Roman Seleznev is known as the son of Russian parliament member Valery Seleznev. He is also known as ‘Track2' in hacking circles and has now been convicted of 38 counts of fraud and theft by a US federal jury who conducted an eight-day trial in Seattle.
The charges against Seleznev junior relate to his thefts of millions of credit card numbers, which he has subsequently sold online across a network of connected fraudsters and con artists. Seleznev was taken into custody in July 2014 (while in in the Maldives) and his laptop contained more than 1.7 million stolen credit card numbers.
Seleznev was convicted after the court considered 10 counts of wire fraud, eight counts of intentional damage to a protected computer, nine counts of obtaining information from a protected computer, nine counts of possession of 15 or more unauthorised access devices and two counts of aggravated identity theft.
According to a United States Department of Justice statement, Seleznev hacked into retail Point-of-Sale (PoS) systems and installed malicious software (malware) to steal credit card numbers from various businesses from a server he operated in Russia.
Forced into bankruptcy
“Many of the businesses were small businesses, some of which were restaurants in Western Washington, including the Broadway Grill in Seattle, which was forced into bankruptcy following the cyber-assault,” details the office of public affairs.
Seleznev operated by ‘bundling' the credit card information he gleaned into groups called ‘bases'. These information packages were then sold as downloadable data on various ‘carding' websites to buyers who would then use the credit card numbers for fraudulent purchases, according to the trial evidence.
Carding sites on the dark cloud
In an earlier post on a related topic, famed cyber-crime investigative journalist Brian Krebs has said that ‘carding sites' hosted on the dark cloud network include Uncle Sam, Scrooge McDuck, Mr.
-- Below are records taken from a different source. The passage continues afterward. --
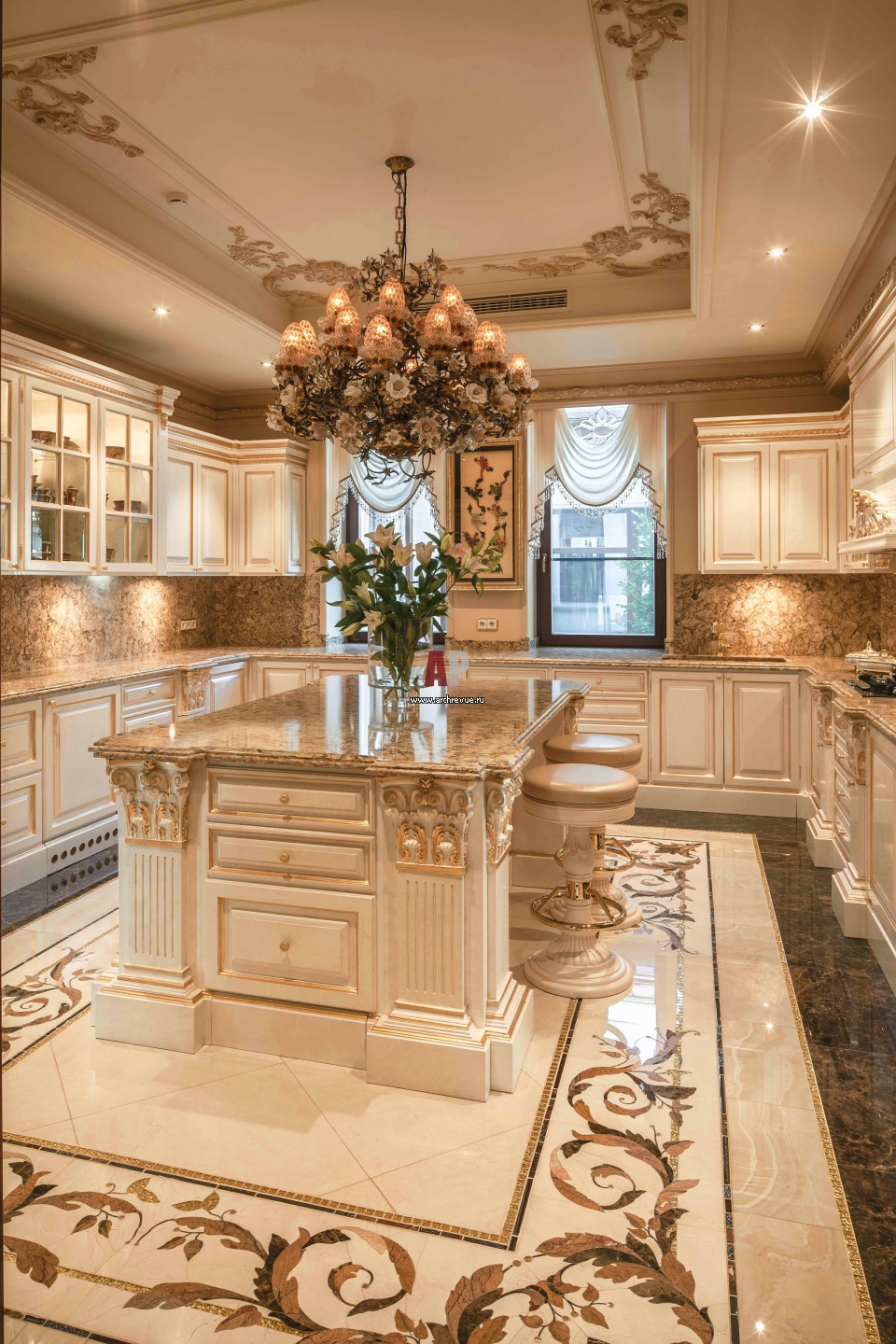 Фото интерьера кухни дома в дворцовой классике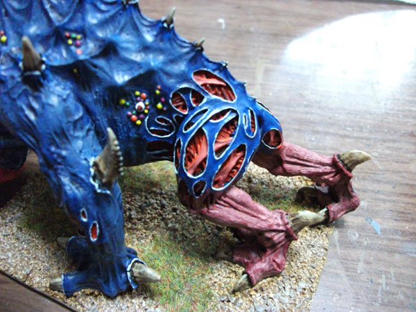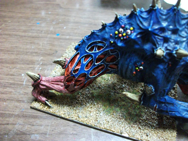右側。カラーリングでお気づきの方もおられると思いますが、今回のペイントはフォージワールドのケイオスドラゴンのペイントを参考に塗ってあります。慣れてきたら、ああいったデカ物にもチャレンジしたいですね。見づらいですが、体のイボに変異で現れた眼をペイントしました。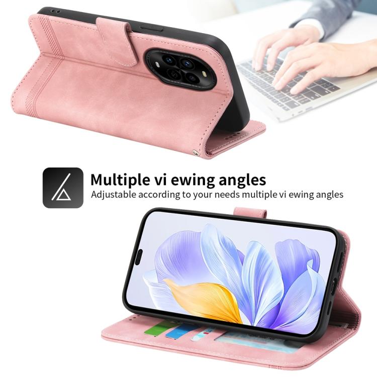 Funda híbrida de Cuero PU y TPU Dierfeng Dream Line para Huawei Nova 13 Pro (Rosa)

Bin, Try2Swipe, Popeye, and Royaldumps.
“[They all] share the same or very similar site designs. All of them say that customers can look up available cards for sale at the site, but that purchasing the cards requires first contacting the proprietor of the shops directly via instant message,” writes Krebs.
Other key sources of fraudulent activity of this kind include ‘Swiped', which has operating since 2008 and has been able to steal data from millions of credit cards of major financial institutions.
“Credit card dumps are stolen with the use of skimming hardware, or by infecting POS terminals with special Trojans (Dexter, BlackPOS, JackPOS, Alina, etc). Credit card text information gets into the wrong hands when e-commerce web resources or infected computers are directly compromised using form grabbers,” explains Ilya Sachkov, CEO and founder of Group-IB in a report written in 2014.
Another ‘usual suspect' in the stolen data market is Alphabay Market. This online source appeared on the dark net operating on the Tor network and was pre-launched in November 2014 and officially launched on December 22, 2014. Alphabay has been linked with reports of stolen Uber accounts, hacks at TalkTalk and the wider market for stolen pharmaceutical drugs.
According to an original report on ArsTechnica, Seleznev will be sentenced December 2nd 2016 and his lawyer has told Reuters that his client faces a mandatory minimum of four years of jail time.